Animal welfare is responsible ownership of exotics. Animal rights is against ownership of exotics. I would not usually go on a rant like this, but I used to support animal rights too until I realized how they really are, and what horrible things they are capable of doing. I am very passionate about the proper care of exotics (not just hedgehogs) and I think they are a huge part of many people's lives, and are not suffering in captivity. I mean some wild caught animals do not deserve to be forced to convert to a indoor lifestyle, but that's again responsible ownership. When kept responsibly there's no problem. Animal rights apparently can't see that.

(this isn't directed at anyone in particular, I just wish some people knew what they were supporting)


----------



## Sela (Apr 10, 2010)

I've read all about PETA's BS and I absolutely can't support them. In fact, I wish someone would shut them down. As far as I can tell, they've never done anything to actually HELP animals. Hypocrisy is one of my biggest pet peeves (if you'll pardon the pun) and that organization is BUILT on hypocrisy. I'll give my money and time to the SPCA, thank you very much.


----------



## Hedgieonboard (Nov 15, 2009)

I won't get into a debate on using the terms animal rights or animal welfare. I don't see how using the words I believe in animal rights jumps to other extremist groups and their agenda.

I read the Humane Society article and don't see at all where it is saying non domesticated animals have no place in our homes. What I got out of it is they are trying to discourage every person that might think its a cool idea to think twice and warning against the dangers that some animals may have on the ecosytem.
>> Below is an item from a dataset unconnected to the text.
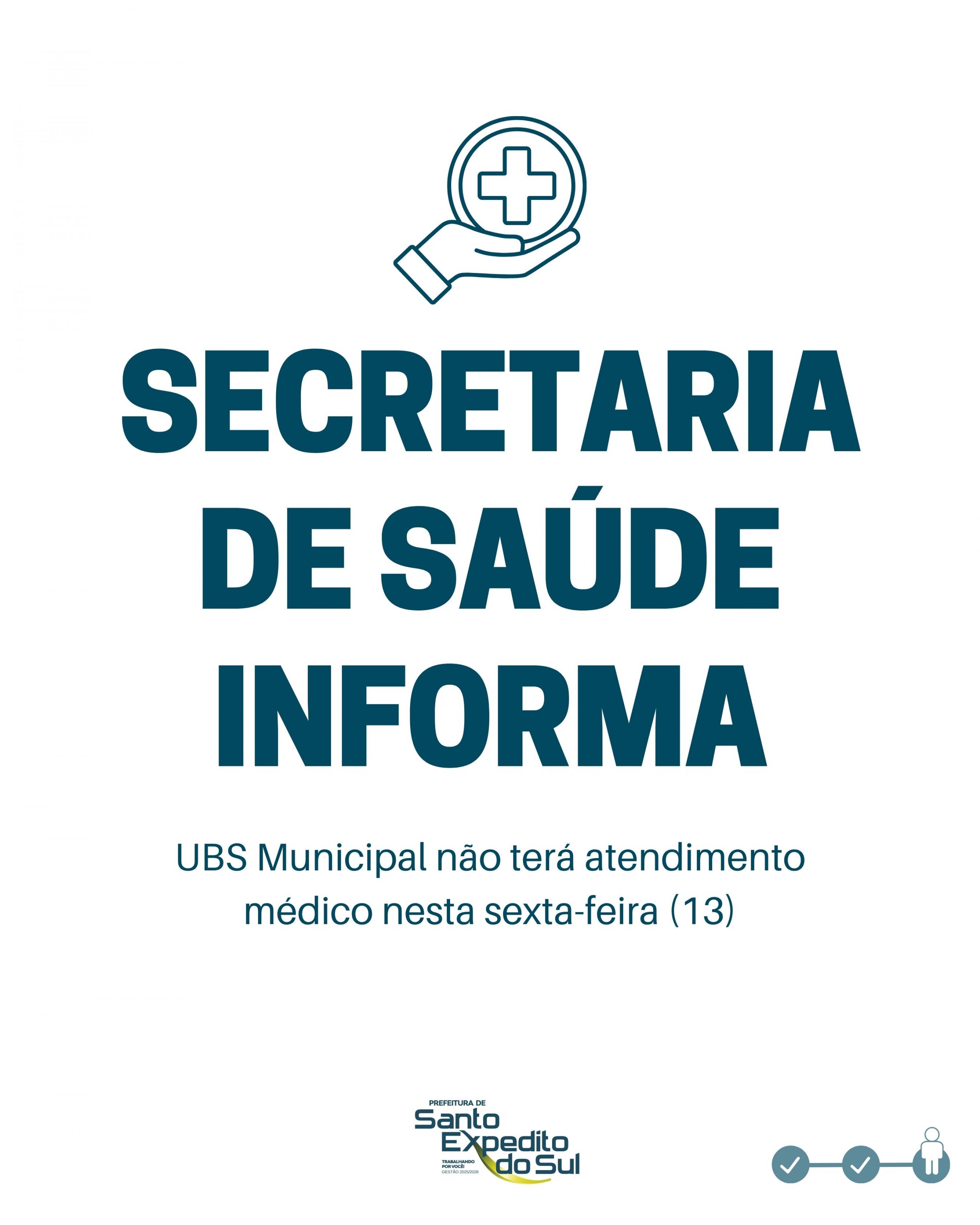A Secretaria Municipal de Saúde de Santo Expedito do Sul informa que a UBS Municipal não contará com atendimento médico na sexta-feira, dia 13 de março, devido à participação do profissional em uma importante capacitação. A ação integra o processo de atualização e aperfeiçoamento contínuo dos serviços oferecidos à população.

This is a very real problem. Im in Louisiana and one of the biggest things I can think of that makes this true is people who weren't ready to take care of a snake after it gets huge and decides to release it into the wild where it thrives and starts killing off our native animals and posing dangers to people.

The debate seems to be heavily tied with PETA but Im not sure why this is as they are an extremist group not an authority. If I seen an animal treated poorly and turned it in, it would be the ASPCA or local humane society, not PETA that would be awarded custody by a judge. PETA has extremist views in my opinion and many others' opinions but they are not an authority here and have no power outside of the propaganda they release. I would not base a decision to turn in a place for a raid based on PETA's antics because they would not be awarded their custody.

Even in the ASPCA or Humane Society was to have secret motives on exotic pet ownership it does not make it the law. I won't ever turn my back on an animal in need based on "what ifs" or hypotheticals.



> I don't think a raid would ever be a good idea. Usually it is animal rights groups who go and do things like that, and end up releasing a bunch of animals into the wild where they can go die a cold miserable death or be eaten by something else. To think that hedgie people (or anyone who supports keeping animals) might be associated with something like that wouldn't look too great, IMO.


I think this statement is a very far stretch and not sure why it wouldn't look good for a hedgie person to be in support of raiding where animals are not being treated well. None of the articles presented had anything to do with hedgehogs and the statement of animal right groups does not seem to represent the majority, just a small extremist percent.


----------



## shaelikestaquitos (Feb 2, 2010)

Nancy said:


> LizardGirl said:
> 
> 
> > > Arranging a raid would be very difficult here...
> ...


Hi Nancy,
I don't actually have the space to rescue hedgehogs myself, but I wanted to start a rescue with foster homes across the island (much like other independent animal rescues here). I would probably be able to house one or two other hedgehogs where I live.
The shelter I work at is the Animal Rescue Network, they deal with dogs and cats, (dogs go into foster, as do kittens, but most adoptable cats live in a rented space in Rosemont). I could launch this idea to them, but I'm pretty sure no one there is experienced with exotic pets.
I could probably get some places such as the Naturalanimal Pawtisserie to hold adoption days, etc for free (I live literally 2 blocks away from there), because they already hold adoption days for other independent rescues.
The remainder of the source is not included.